Is Google Able To Detect Hacked Webpages Beyond Home Page?
In the month of May, Google did 39 changes to their search engine algorithms to improve the search results quality. The number of tweaks in a month were down from more than 50 in April to 39 in May but still, some of the tweaks are worth noticing. The first change that Google has listed in their official blog is Deeper detection of hacked pages.
Deeper detection of hacked pages: [launch codename "GPGB", project codename "Page Quality"] For some time now Google has been detecting defaced content on hacked pages and presenting a notice on search results reading, “This site may be compromised.” In the past, this algorithm has focused exclusively on homepages, but now we’ve noticed hacking incidents are growing more common on deeper pages on particular sites, so we’re expanding to these deeper pages.
Google warns its users when they try to navigate to a compromised website, but these warnings were focused exclusively to homepages. So, hackers started using deeper webpages to use their compromised content to get past Google’s security warnings.
After a recent update, Google states that they are detecting deeper webpages to know their security status but, we are not sure if this update has hit throughout the globe. If yes, they still need to improve in this regard because we have come up across some scenarios where this trick by hackers still works.
Example Where Hacked Webpages Have Not Been Detected by Google
My friend was using Google Search for the query “Shipping cost for Beijing to Bangalore” and he noticed some weird search results.

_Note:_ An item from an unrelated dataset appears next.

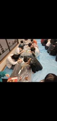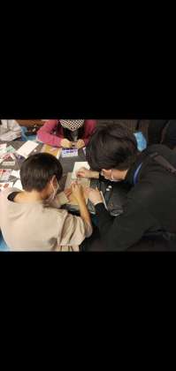 製本から型絵付けまで、思い思いに作業に取り組んでいます。楽しそう!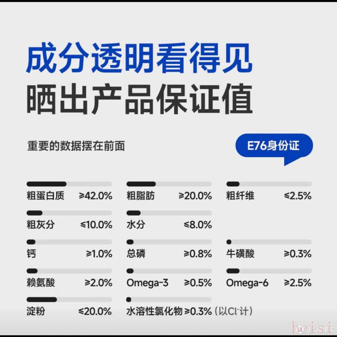 阿飛和巴弟的E76貓糧為全階段配方,主打高肉低敏,專為腸胃敏感貓咪設(shè)計(jì)。其動(dòng)物原料占比76%,動(dòng)物性原料達(dá)90%,含64.5%鮮雞肉、5.5%三文魚(yú)及1%鮮雞肝等內(nèi)臟,是優(yōu)質(zhì)蛋白質(zhì)主要來(lái)源。

He could see similar results for shipping cost queries even after changing the names of cities to different ones.
Google Search Results for the term – Shipping Cost From Beijing To Bangalore.
As you can notice in the above screenshot, most of the organic results contained the target term in them, which is nowhere related to shipping or transport. I was in a context that these results might be of junk websites. But when I dug deeper in this matter, I found that these websites were not junk. In fact, many of them were of .edu and .org top level domains. I did extended tests on NFDA, OECS and PodioBooks websites.
Bing Search Results for the term – Shipping Cost From Beijing To Bangalore.
I repeated the same search query in Bing and DuckDuckGo to find that the results were proper this time around.
How Hackers Might Have Used Cloaking
The above scenario is an example of Cloaking which is a trick in which the content presented to the search engine spider is different from that presented to the user’s web browser. In the below example, you can see an Apache Rewrite Rule to show different content based on the User-Agent. It could be one of the tricks hackers could have used. Similar to Apache Web Server, this type of cloaking can be set for almost every web servers by hacking their configuration files or inserting scripts in those webpages.
Hackers have used deeper webpages of these websites or inserted new webpages in them to pump up the target term in Google Search results but blocked other search engines. It is clear that, the content viewed by Google Bot and Google Chrome user agents are different. Cloaking could be done in various ways based on a single or multiple parameters such as User-Agent, IP Address, Screen Size and so on, to show different content matching with those parameters.
How Can Webmasters Identify If Their Website Is Being Cloaked?
Cloaked Webpage With Web Browser User Agent.
Cloaked Webpage With Google Search Bot User Agent.
Although it is very hard to find if a website is being cloaked based on IP address, it can be identified if they are being cloaked based on User Agents. You can use web browser plugins such as User Agent Switcher for Mozilla Firefox or User-Agent Switcher for Google Chrome to change the user agent parameter and check if their are any changes in the webpages.
In the above screenshots, you can notice the changes in the same webpage with different User Agents where selecting the googlebot2.1 shows you the content containing the target term, which was inserted by the hackers into the webpage.
Google needs to refine their algorithms with better pattern matching so that they can identify deeper hacked or cloaked webpages.